The reply must consist of the complete listing, reproduced exactly, with no images included.

» Input data
↓

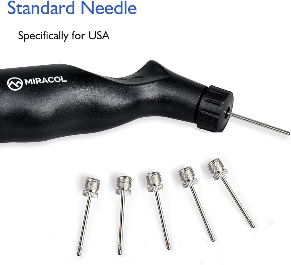 تم توفير ست إبر إضافية: لا داعي للقلق بشأن الإبر المفقودة أو المكسورة. تتضمن مضخة الهواء الكروية الرياضية الخاصة بك إبرة مثبتة وستة قطع غيار، مما يضمن أنك مستعد دائمًا لأي احتياجات نفخ.
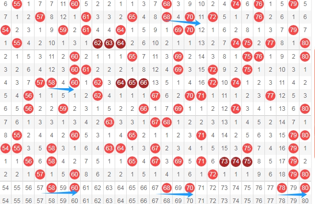 上图是福彩快乐8开奖号码走势分布图其中一部分,我在上面走势图中标注出来的数字都是8尾数数字和0尾数数字组成的跨度二组合,分别是5860 6870 7880一共有3组,这3组跨度二组合已经连续遗漏了7期,上次开出的跨度二组合是上面标注出来的横向蓝色小箭头5860,那么本期关注这些组合出一组或者两组,个人最看好7880 6870。
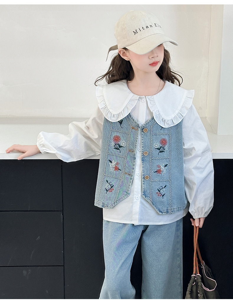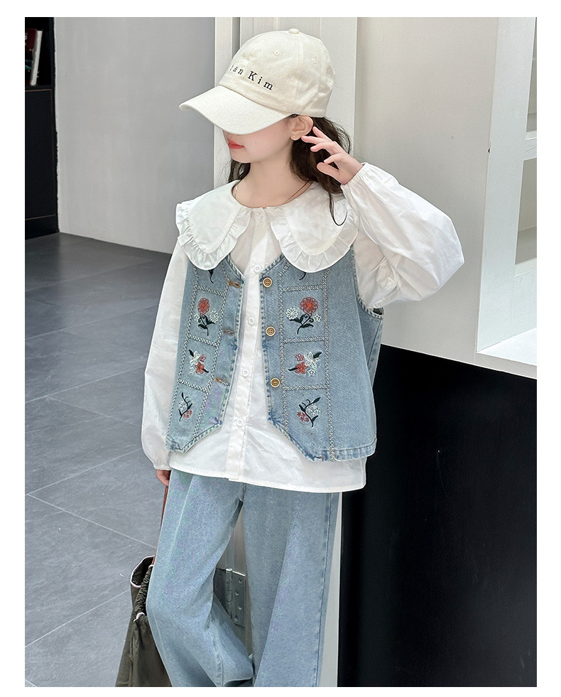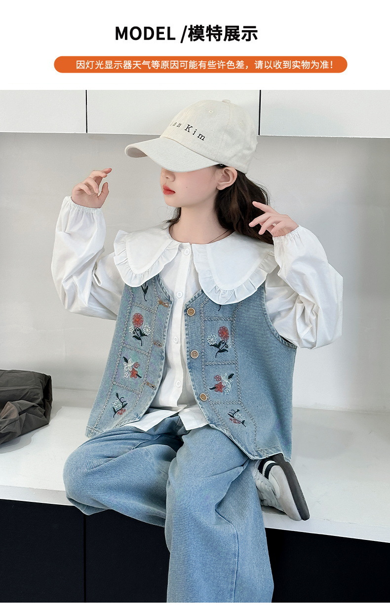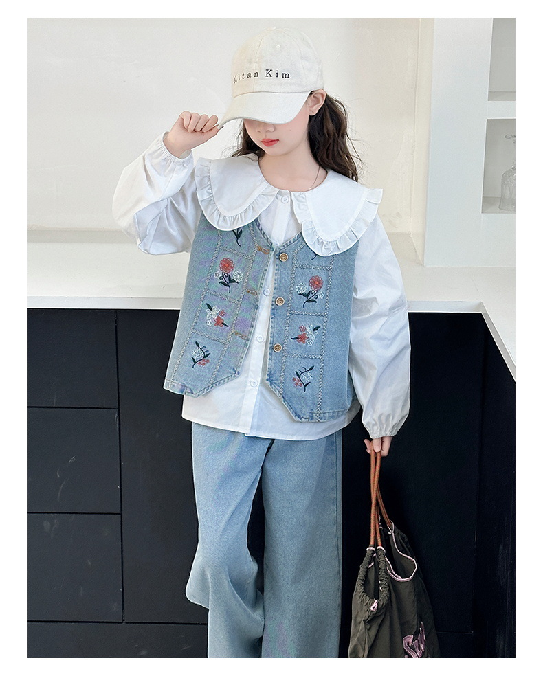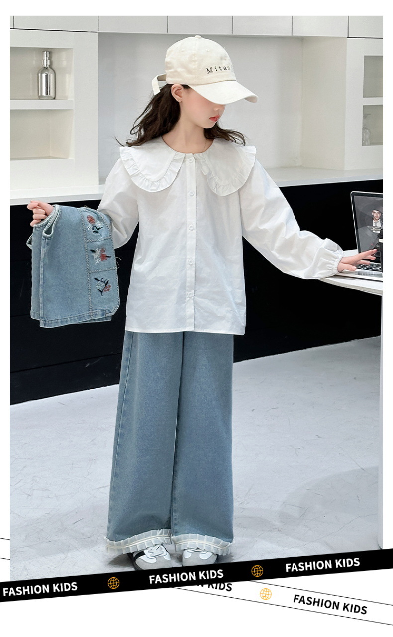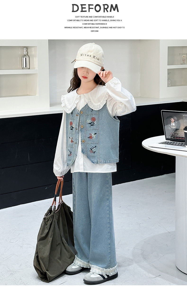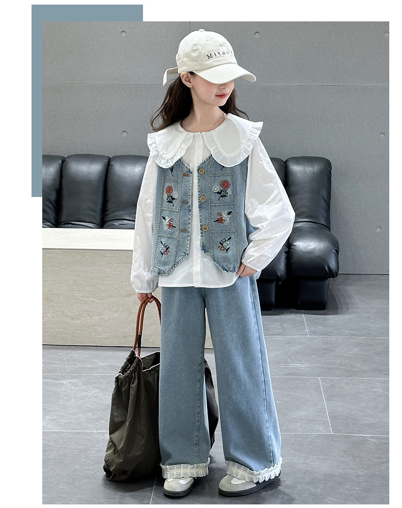 소녀들의 가을 한국식 3 피스 어린이 2025 년 초가을 새 유행 자켓 바지 셔츠 바지 데님 세트
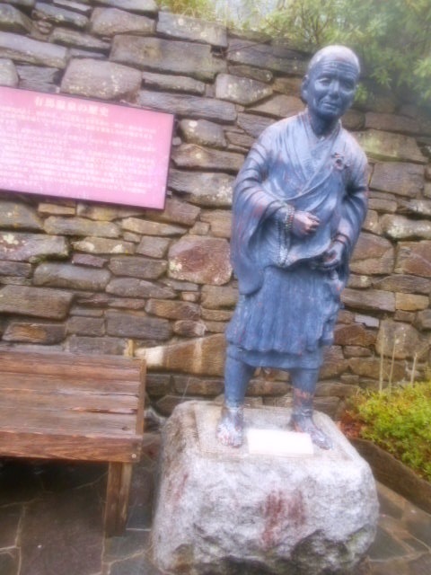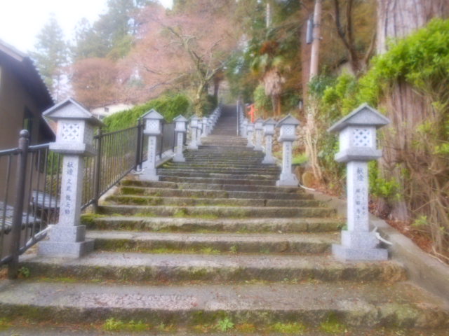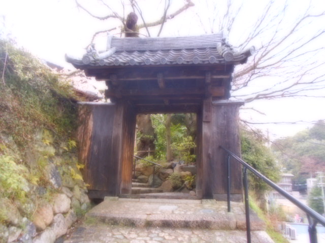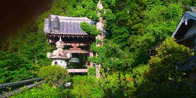 お寺の前の道路沿いの岩壁。 ここに登ってくる途中で見えた烏帽子岩やJR道場駅近くの不動岩などとともに鏑射山を形作る大きな岩の一部が外に顔を出しているのでしょう。

↑

» Response to this task
 تم توفير ست إبر إضافية: لا داعي للقلق بشأن الإبر المفقودة أو المكسورة. تتضمن مضخة الهواء الكروية الرياضية الخاصة بك إبرة مثبتة وستة قطع غيار، مما يضمن أنك مستعد دائمًا لأي احتياجات نفخ.
 上图是福彩快乐8开奖号码走势分布图其中一部分,我在上面走势图中标注出来的数字都是8尾数数字和0尾数数字组成的跨度二组合,分别是5860 6870 7880一共有3组,这3组跨度二组合已经连续遗漏了7期,上次开出的跨度二组合是上面标注出来的横向蓝色小箭头5860,那么本期关注这些组合出一组或者两组,个人最看好7880 6870。
 소녀들의 가을 한국식 3 피스 어린이 2025 년 초가을 새 유행 자켓 바지 셔츠 바지 데님 세트
 お寺の前の道路沿いの岩壁。 ここに登ってくる途中で見えた烏帽子岩やJR道場駅近くの不動岩などとともに鏑射山を形作る大きな岩の一部が外に顔を出しているのでしょう。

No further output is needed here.